Therefore, this proposal normatively specifies op(I, R) — init as left operand of the final combination.

Appendix H: Performance Feasibility (Informative)

This appendix provides representative prototype measurements to support the claim that enforcing a fixed expression structure is practical. These measurements are not a performance guarantee.

H.1 Prototype test conditions

H.2 Representative observations

H.3 Interpretation

Users opt into a canonical reduction when they value reproducibility and auditability over peak throughput. Users requiring maximum throughput can continue to use std::reduce (or domain-specific facilities) where unspecified reassociation is acceptable.

Appendix I: Rationale for Semantic Span Presets (Informative)

This appendix records rationale for providing a small set of standard-fixed span preset constants (in bytes) as coordination points for topology selection (§9.5). The goal is to provide readable, stable choices that do not vary with platform properties and therefore avoid “silent semantic drift” in returned values for non-associative operations.

The span coordinate is a numerics convenience: for layout-stable numeric types, it derives the semantic lane count L = M / sizeof(V).

I.1 Rationale for 128 Bytes (Small Span)

A “small” preset should provide useful lane counts for the main scalar sizes while remaining narrow enough that overhead does not dominate for moderate N.

For common scalar sizes this yields: - float (4 bytes): L = 128 / 4 = 32 - double (8 bytes): L = 128 / 8 = 16 - 64-bit integers (8 bytes): L = 16

This width is a practical coordination point for implementations that exploit instruction-level parallelism through vectorization and batching while preserving the canonical expression structure.

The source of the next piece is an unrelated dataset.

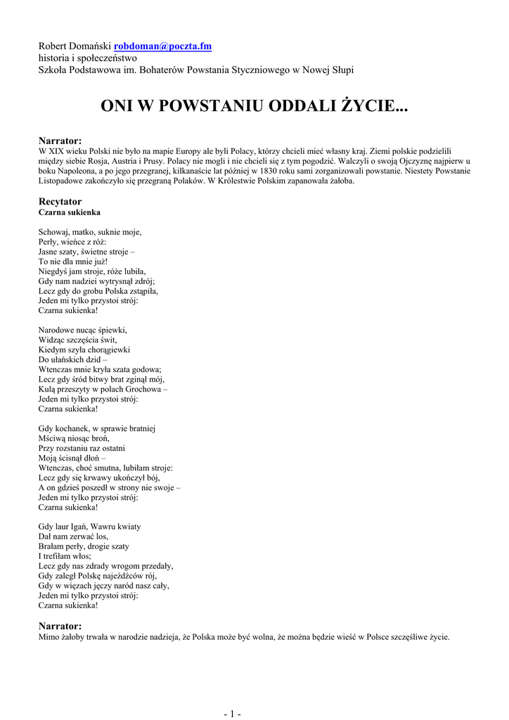 Robert Domański [email protected] historia i społeczeństwo Szkoła Podstawowa im. Bohaterów Powstania Styczniowego w Nowej Słupi ONI W POWSTANIU ODDALI ŻYCIE... Narrator: W XIX wieku Polski nie było na mapie Europy ale byli Polacy, którzy chcieli mieć własny kraj. Ziemi polskie podzielili między siebie Rosja, Austria i Prusy. Polacy nie mogli i nie chcieli się z tym pogodzić. Walczyli o swoją Ojczyznę najpierw u boku Napoleona, a po jego przegranej, kilkanaście lat później w 1830 roku sami zorganizowali powstanie. Niestety Powstanie Listopadowe zakończyło się przegraną Polaków. W Królestwie Polskim zapanowała żałoba. Recytator Czarna sukienka Schowaj, matko, suknie moje, Perły, wieńce z róż: Jasne szaty, świetne stroje – To nie dla mnie już! Niegdyś jam stroje, róże lubiła, Gdy nam nadziei wytrysnął zdrój; Lecz gdy do grobu Polska zstąpiła, Jeden mi tylko przystoi strój: Czarna sukienka! Narodowe nucąc śpiewki, Widząc szczęścia świt, Kiedym szyła chorągiewki Do ułańskich dzid – Wtenczas mnie kryła szata godowa; Lecz gdy śród bitwy brat zginął mój, Kulą przeszyty w polach Grochowa – Jeden mi tylko przystoi strój: Czarna sukienka! Gdy kochanek, w sprawie bratniej Mściwą niosąc broń, Przy rozstaniu raz ostatni Moją ścisnął dłoń – Wtenczas, choć smutna, lubiłam stroje: Lecz gdy się krwawy ukończył bój, A on gdzieś poszedł w strony nie swoje – Jeden mi tylko przystoi strój: Czarna sukienka! Gdy laur Igań, Wawru kwiaty Dał nam zerwać los, Brałam perły, drogie szaty I trefiłam włos; Lecz gdy nas zdrady wrogom przedały, Gdy zaległ Polskę najeźdźców rój, Gdy w więzach jęczy naród nasz cały, Jeden mi tylko przystoi strój: Czarna sukienka! Narrator: Mimo żałoby trwała w narodzie nadzieja, że Polska może być wolna, że można będzie wieść w Polsce szczęśliwe życie. -1- Recytator Kiedyż? Nam dzisiaj taj w duszach, jak kiedy się wiosna Z zimowej wyrywa niemocy: To smutek i żałość, to zorza radosna, To rozpacz, jak wicher północy. Ach! Kiedyż za Ciebie w bój skoczym spragnieni, O Polsko, ty matko miłości? I kiedyż przy huku dział, trzasku płomieni Podniesiem okrzyki wolności? I kiedyż uczynim, swobodni oracze, Lemiesze z pałaszy skrwawionych?... Ach! Kiedyż na ziemi już nikt nie zapłacze Prócz rosy pól naszych zielonych? Mieczysław Romanowski Narrator: Na początku lat 60-tych XIX wieku te nadzieje znalazły ujście. Zaczęło się od smutnej uroczystości – pogrzebu generałowej Sowińskiej, wdowy po bohaterze Powstania Listopadowego. O jej mężu generale Sowińskim Juliusz Słowacki pisał: Recytator Sowiński w okopach Woli W starym kościołku na Woli Został jenerał Sowiński, Starzec o drewnianej nodze. I wrogom się broni szpadą; A wokoło leżą wodze Batalionów i żołnierze, I potrzaskane harmaty, I gwery: wszystko stracone Jenerał się poddać nie chce, Ale się staruszek broni Oparłszy się na ołtarzu, Na białym Bożym obrusie, I tam łokieć położywszy, Kędy zwykle mszały kładą, Na lewej ołtarza stronie, Gdzie ksiądz Ewangelią czyta. Juliusz Słowacki Narrator: Pogrzeb generałowej rozpoczął serię masowych manifestacji patriotycznych, mszy za pomyślność Ojczyzny. Śpiewano pieśni patriotyczne. Między innymi i tę: Chór Boże cos Polskę, przez tak liczne wieki Otaczał blaskiem potęgi i chwały, Coś ją ochraniał tarczą swej opieki Od nieszczęść, które przygnębić ją miały Przed Twe ołtarze zanosim błaganie Ojczyznę, wolność, racz nam wrócić, Panie! Narrator: Władze rosyjskie odpowiedziały represjami, strzelano do manifestantów, byli zabici i rani. -2- Recytator Hymn polski Ojczyźnie naszej, Polsce, bądźmy wierni, Pokąd tchu w łonie! Stójmy wytrwale, gdy wieńce nam z cierni Kładą na skronie! Nieszczęścia i klęski niech miłość połamie! Czy dźwiga nas dola, czy chytrze nas skłamie, Ojczyźnie tej życie, krew nasza i ramię, I chwała w zgonie Tu groby ojców sława opromienia, Tu śpią ich kości. Tu nam się dobić po dniach utrapienia Świętej wolności. Tu przetrwać nam klęski i szarpać kajdany, Tu rodzą nas Sawy, Pułascy, Rejtany I „hetman w sukmanie”, co kochał sukmany – Tu żyć w miłości! Stójmyż gotowi, jak straż czuwająca, Bo nikt nie powie W który dzień trąba zawezwie nas grzmiąca Matce nieść zdrowie! A wonczas, jak piorun, co kruszy i pali, W bój lećmy zwyciężać z nadzieją na stali Lub gińmy Szlachetni, jak ojce konali – Polscy synowie! Mieczysław Romanowski Narrator: Coraz częściej w głowach młodych Polaków pojawiają się marzenia o walce z zaborcą. Recytator Do... Prośba o orła Sam krzyż? O, krzyża nie dawaj mi, siostro! Z pierwszeą jam jam marzeń i uczuć godziną Wziął krzyż i ciernie w sercu tkwiące ostro – Jak mi to brzemię cięży, wiesz, dziewczyno. A jeśli krzyż mi wyszyć chcesz koniecznie, Wyszyjże orła na odwrotnej stronie – Orła, co biały, a ku słońcu wiecznie Patrzy i trzyma miecz ostrzony w szponie. Dość już tych modłów bezczynnych dla Boga Walk nam nie wolno dla krzyża pomonąć! Jam ptak – od Boga szablę mam dla wroga; Mnie walczyć – w walce, patrząc w słońce ginąć! Mieczysław Romanowski -3- Narrator: Polscy patrioci, skupieni w organizacji „czerwonych” rozpoczęli przygotowania do powstania. Władze rosyjskie, aby powstrzymać wybuch powstania lub przynajmniej zmusić do walki w najmniej korzystnym dla powstańców terminie zarządziły brankę czyli przymusowy, imienny pobór do wojska. Do tej pory pobór do wojska odbywał się poprzez losowanie. Teraz wskazywano konkretne osoby o których wiedziano lub tylko podejrzewano, że są zaangażowane w przygotowania powstańcze. A służba wojskowa w armii carskiej trwała wówczas 25 lat Recytator Branka Branka! Branka! Gdzie syn w domu, Gdzie jedynak, gdzie brat drogi, Tam ich nocą ma wyłapać Moskwa – co do nogi. T

I.2 Rationale for 1024 Bytes (Large Span)

A “large” preset is an explicit opt-in for throughput-oriented structures and heterogeneous verification workflows.

For common scalar sizes this yields: - float (4 bytes): L = 1024 / 4 = 256 - double (8 bytes): L = 1024 / 8 = 128

Such widths provide substantial independent work per lane and can support aggressive batching and parallel evaluation of independent reduction nodes while preserving the same abstract expression.

I.3 Cross-Domain Verification

Because these presets are standard-fixed, a user can select the same span constant when executing on different hardware or in different deployment environments. When the floating-point evaluation model is aligned (and the same binary_op and input order are used), the abstract expression structure is identical; any remaining divergence is attributable to differences in the underlying arithmetic environment rather than to re-association or topology choice.

[Note: This appendix is informative. These values are coordination points for a stable abstract expression; they do not impose any particular scheduling, threading, or vectorization strategy. —end note]

Appendix J: Indicative API Straw Man (Informative)

This appendix is illustrative; no API is proposed in this paper (§2). It records one indicative way an eventual Standard Library facility could expose the semantics defined in §4, while adopting the standard-fixed named preset approach (Option 3 in §9.5). The intent is to give LEWG something concrete to react to, while keeping spelling and header placement explicitly provisional.

Presentation note (informative): - The semantic topology coordinate is the lane count L. - A byte span M is a derived convenience that maps to L using sizeof(value_type). - When cross-platform expression stability is required, prefer APIs that specify L directly.

J.1 Design goal

J.2 Favored approach: standard-fixed preset constants (Option 3)

This approach exposes preset names as standard-fixed constants, and (optionally) defines a default in terms of one of those preset constants.

Illustrative (provisional) names:

namespace std {
  // Standard-fixed span presets (bytes). Values never change.
  inline constexpr size_t canonical_span_small = 128; // "narrow" preset in prototypes
  inline constexpr size_t canonical_span_large = 1024; // "wide" preset in prototypes
  
  // This paper does not propose a default. A follow-on API paper may propose one.
}

Clarification (informative): The preset span values above are intended to be fixed, constexpr constants, not implementation-tunable parameters, so that the same canonical expression shape is selected across implementations. This does not imply bitwise-identical results across different floating-point evaluation models.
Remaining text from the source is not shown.